The lament of the loss of Britishness. Written 4th Feb 2010
The tone of last weeks "Question Time" was telling on our national
mood. Cameron's "Broken Britain" speech has become a rallying cry for
a National Pessimism.
It is no surprise to me that a recession can entrench negativity and cause people to find common ground to view difference as ugly. But, what is surprising is that the ugly head of racism should raise itself within the framework of a lament on a loss of a golden age of
Britishness.
In that program a panel member, whose day job paradoxically involved working for a policy unit devoted to socialcohesion, tapped into that National Pecimissim and suggested that Britain was no longer Great.
Among the causes he first listed immigration, and then the loss of
British Institutions.
He blamed the breaking of, if not broken, society on the dilution of
values that immigration had brought to England.
However it is crystal clear to me that immigrants themselves tend to hold onto their values. And what is it that many of these immigrants value whether they be from Poland or Africa or the subcontinent, if it is not family, hard work and honesty? Are these not the values that today’s British society so often lacks.
The case of the two boys that were assaulted by two other "in care"
boys, that was the basis for Cameron speech, had nothing to do with immigration but everything to do with broken families.
What can be the cause of these broken families other than the rampant acceptability of zero commitment, of the rise of the self and the monetary system of placing a value on all things.
Off course immigrants, just like their neighbouring countrymen, are influenced by the same values that our politicians put to the country.
So can we blame them for adopting the now British culture of take and not give, of milking it for all you can get.
For even when our politicians hold our social interests paramount, all
they can do is talk about monetary investment.
Off course they cannot moralise to us whilst their profession is full
to the rim with sleaze, corruption and fraud. And off course their
argument is that in order to make the job of running the country
accessible to all, they need some reasonable monetary remuneration.
But if they themselves cannot sacrifice for service, to the greater
good of the community, then how can they ever go to the people and ask them to give and not take.

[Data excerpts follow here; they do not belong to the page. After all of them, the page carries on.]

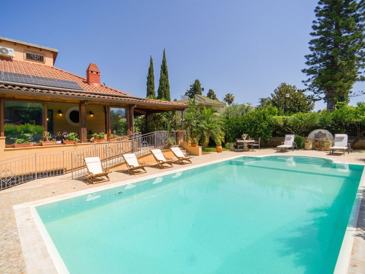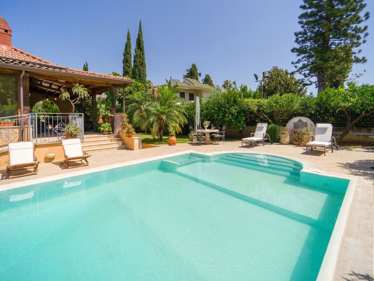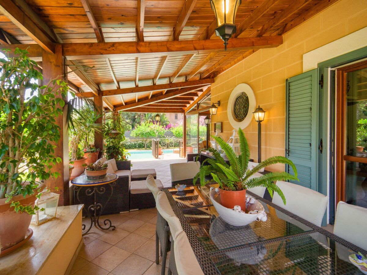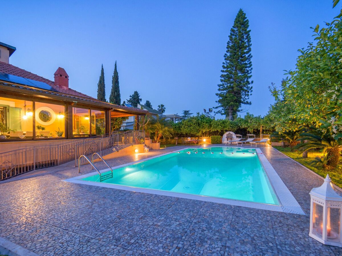The villa has a splendid swimming pool close to an elegant internal patio, part of which has a glass window overlooking the garden and the solarium.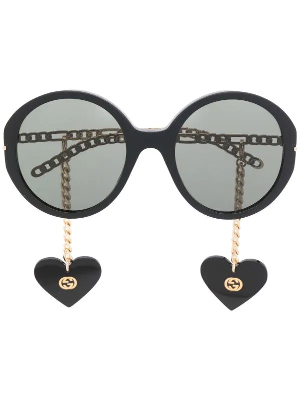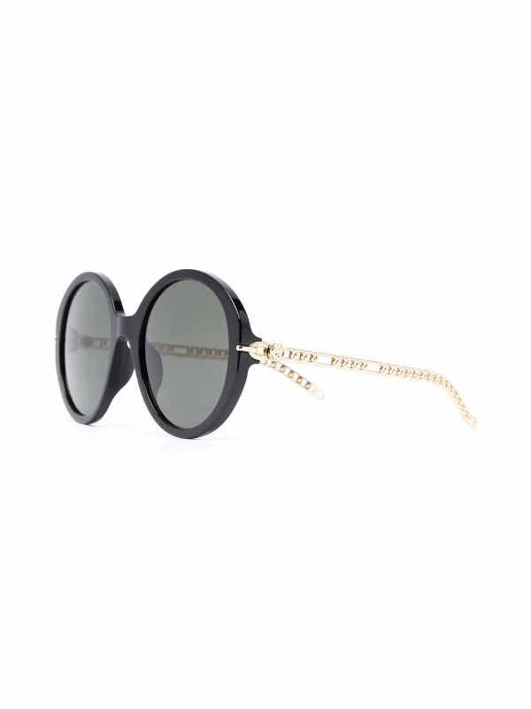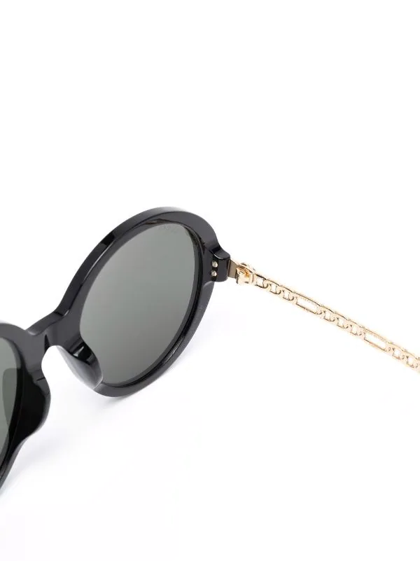Monture ronde, verres teintés, détails de chaînes, finitions en métal doré. Couleur : noir. Matière : acétate.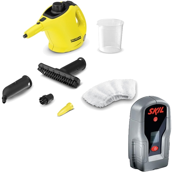 | Set de livrare | 1 x Karcher - SC 1 - Curatitor cu aburi, 1200 W, 3 bar, 3 minute Duza de mana Duza de finisare Duza de putere Perie rotunda (mica) Cupa de masurare Husa de microfibra pentru duza de mana 1 x Skil - 0551 AB - Detector de metale cu baterii alcaline, 30 mm 1 x acumulator de 9 V, 6LR61 |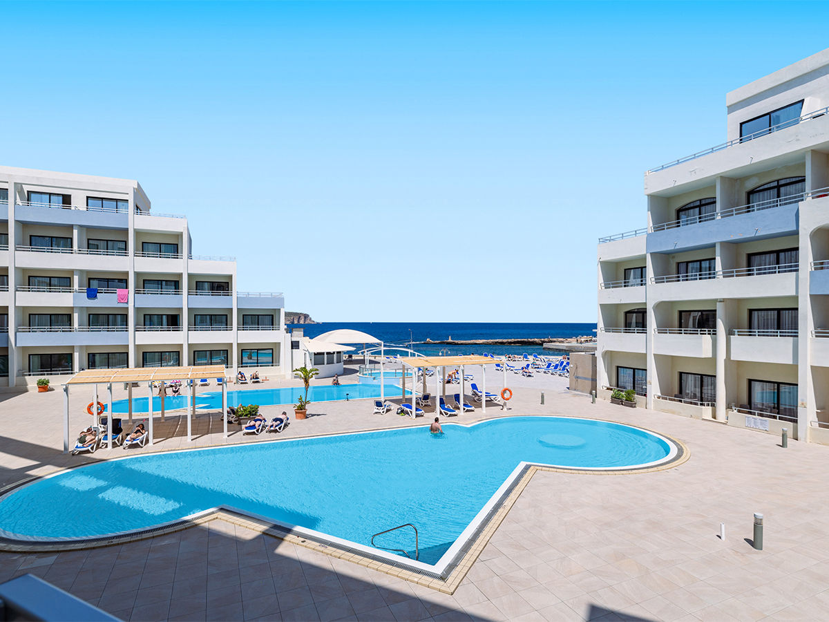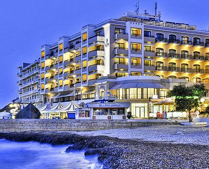 | Hotel se nachází v klidné části turisticky oblíbeného střediska St.Julian´s. Postavením na skalnatém výběžku skýtá nádherný výhled na moře a záliv St.George's. Pláž je vzdálené cca 400 m (skalnatá), nákupní možnosti a zábava jsou v blízkém okolí do 1 km (centrum střediska, obchody, bary a restaurace). Hlavní město Valletta je vzdáleno 8 km, ve vzdálenosti do 15 km pak lze navštívit další zajímavá místa ostrova-Mdina, Temples, aquapark a další. Mezinárodní letiště je vzdáleno 13 km. |

British society has like the others that surround it become a takers society. "Me first, bugger the rest" is the real cause of these social problems.
England was once a land of gardens and shopkeepers. The gardens remain, but the High Street is doomed by successive policies that put money first and community last.
A Tesco or Sainsburys or even a Shopping Mall cannot compete with the social and communal harmony that comes with a High Street and local bussinesses.
Immigrants have continually invested their time, effort
and money in that most British of Institutions. Off course they have
not done so purely for social or communal reasons, but that they have done it and stemmed the further retardation of British Society should be applauded and not denigrated.